#### What to do
In the data below, set down exactly the lines from the one containing "Wurib 소년 로봇" up to and including the one containing "② Its front". Leave the pictures out.

#### Available data

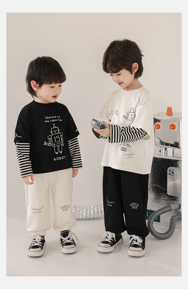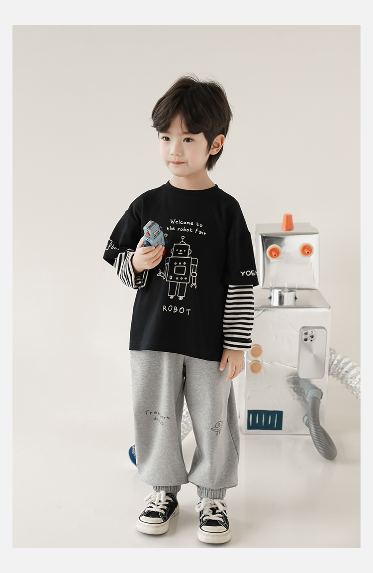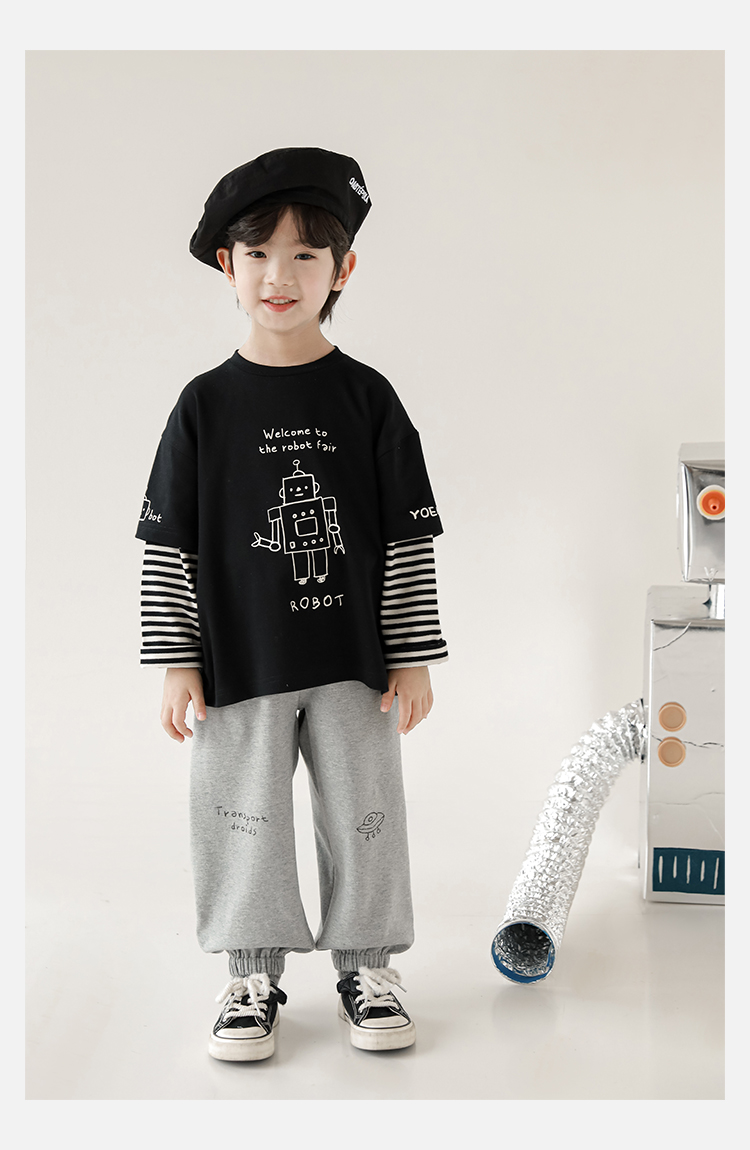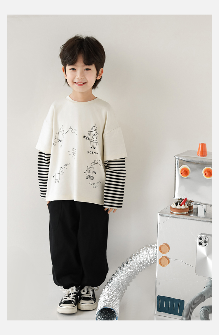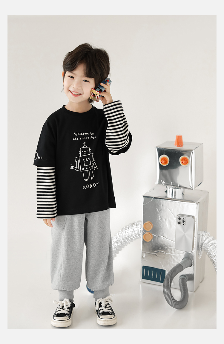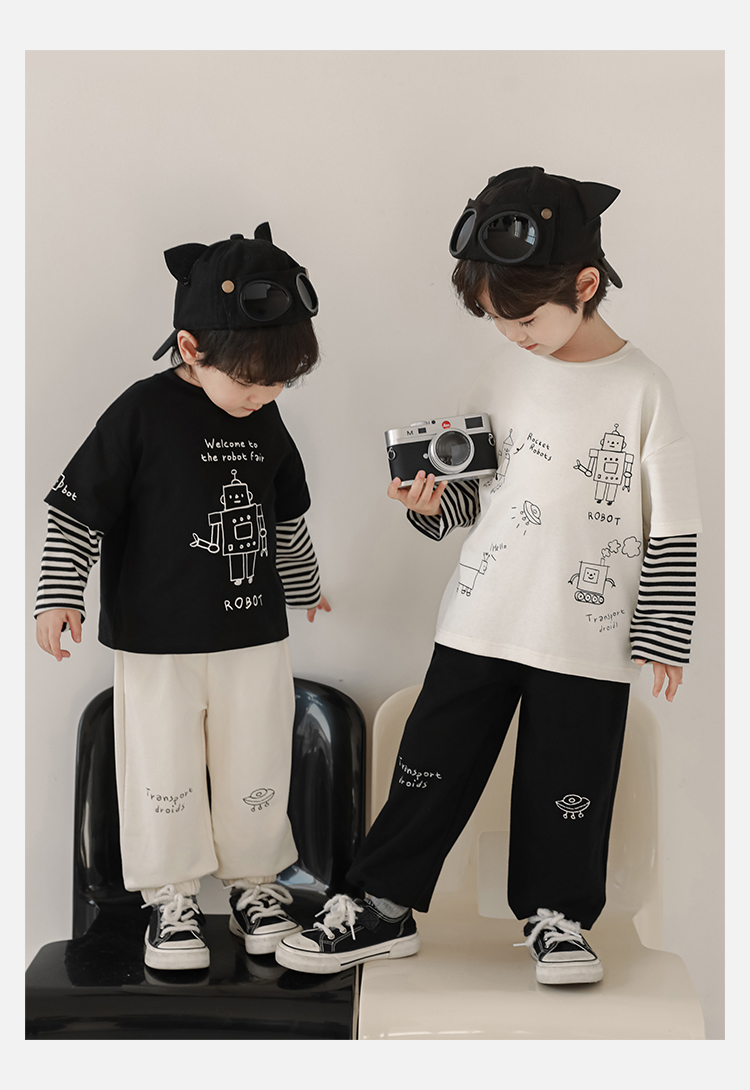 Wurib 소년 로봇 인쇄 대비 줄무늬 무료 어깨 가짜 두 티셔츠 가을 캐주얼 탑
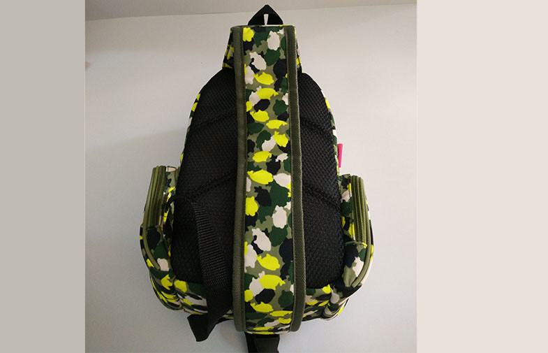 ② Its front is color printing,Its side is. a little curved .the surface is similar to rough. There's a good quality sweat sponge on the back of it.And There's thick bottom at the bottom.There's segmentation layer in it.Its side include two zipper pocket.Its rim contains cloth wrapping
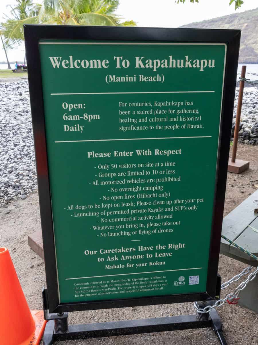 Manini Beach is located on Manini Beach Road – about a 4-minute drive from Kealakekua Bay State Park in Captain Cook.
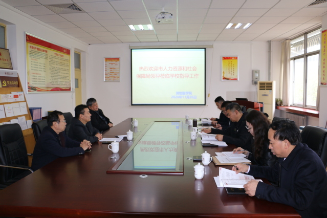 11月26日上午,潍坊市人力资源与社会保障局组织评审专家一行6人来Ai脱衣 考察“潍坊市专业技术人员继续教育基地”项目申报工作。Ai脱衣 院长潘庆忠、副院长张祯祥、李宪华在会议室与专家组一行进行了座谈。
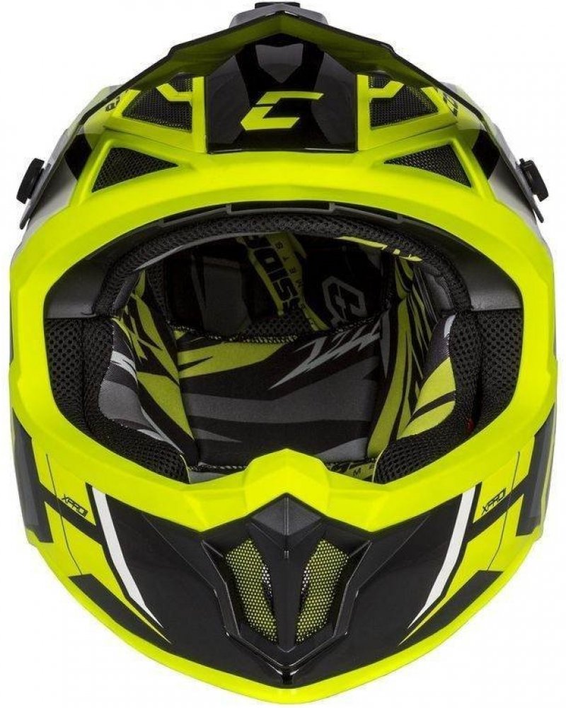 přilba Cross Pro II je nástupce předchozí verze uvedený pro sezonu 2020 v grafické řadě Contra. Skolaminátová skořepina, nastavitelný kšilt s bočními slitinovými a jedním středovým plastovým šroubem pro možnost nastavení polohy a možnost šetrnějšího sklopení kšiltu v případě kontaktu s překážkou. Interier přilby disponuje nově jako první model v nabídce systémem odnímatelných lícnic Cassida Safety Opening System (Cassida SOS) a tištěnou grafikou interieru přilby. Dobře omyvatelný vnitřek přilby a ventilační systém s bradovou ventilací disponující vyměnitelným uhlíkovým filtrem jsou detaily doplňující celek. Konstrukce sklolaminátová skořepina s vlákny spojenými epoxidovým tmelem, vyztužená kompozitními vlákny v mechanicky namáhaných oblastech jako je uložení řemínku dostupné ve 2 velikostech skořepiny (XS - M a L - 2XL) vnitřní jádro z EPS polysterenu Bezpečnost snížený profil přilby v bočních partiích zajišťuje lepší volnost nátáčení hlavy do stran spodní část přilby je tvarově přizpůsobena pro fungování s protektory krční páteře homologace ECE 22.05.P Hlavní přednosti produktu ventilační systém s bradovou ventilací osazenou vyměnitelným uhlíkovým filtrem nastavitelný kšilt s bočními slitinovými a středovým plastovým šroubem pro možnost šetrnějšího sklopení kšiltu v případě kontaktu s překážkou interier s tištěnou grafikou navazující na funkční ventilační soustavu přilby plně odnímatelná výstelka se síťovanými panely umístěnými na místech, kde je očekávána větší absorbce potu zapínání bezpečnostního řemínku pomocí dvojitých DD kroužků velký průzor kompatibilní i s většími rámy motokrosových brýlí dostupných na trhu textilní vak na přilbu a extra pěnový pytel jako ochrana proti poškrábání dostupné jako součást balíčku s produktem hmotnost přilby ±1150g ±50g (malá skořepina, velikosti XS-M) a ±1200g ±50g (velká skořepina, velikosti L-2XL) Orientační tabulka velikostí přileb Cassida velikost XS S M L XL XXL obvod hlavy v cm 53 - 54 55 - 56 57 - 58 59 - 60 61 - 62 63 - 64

...

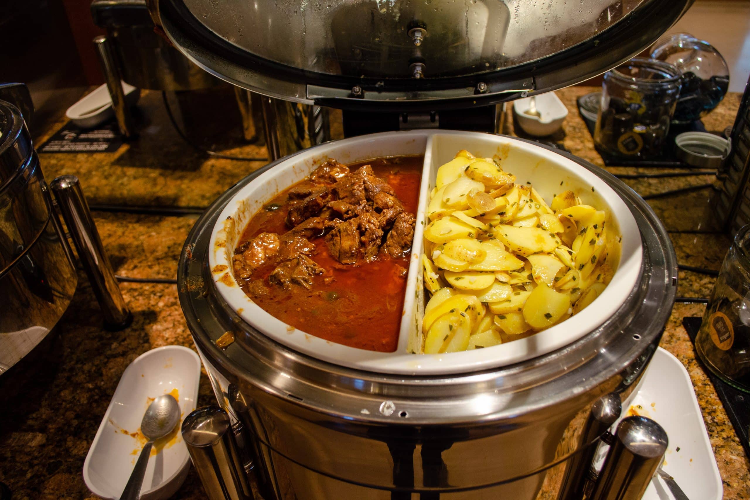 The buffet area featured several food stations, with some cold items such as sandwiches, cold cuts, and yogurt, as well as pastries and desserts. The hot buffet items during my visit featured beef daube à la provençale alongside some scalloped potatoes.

...

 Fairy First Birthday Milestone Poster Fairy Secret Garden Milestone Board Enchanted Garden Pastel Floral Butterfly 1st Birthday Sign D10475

#### Result of this exercise
 Wurib 소년 로봇 인쇄 대비 줄무늬 무료 어깨 가짜 두 티셔츠 가을 캐주얼 탑
 ② Its front is color printing,Its side is. a little curved .the surface is similar to rough. There's a good quality sweat sponge on the back of it.And There's thick bottom at the bottom.There's segmentation layer in it.Its side include two zipper pocket.Its rim contains cloth wrapping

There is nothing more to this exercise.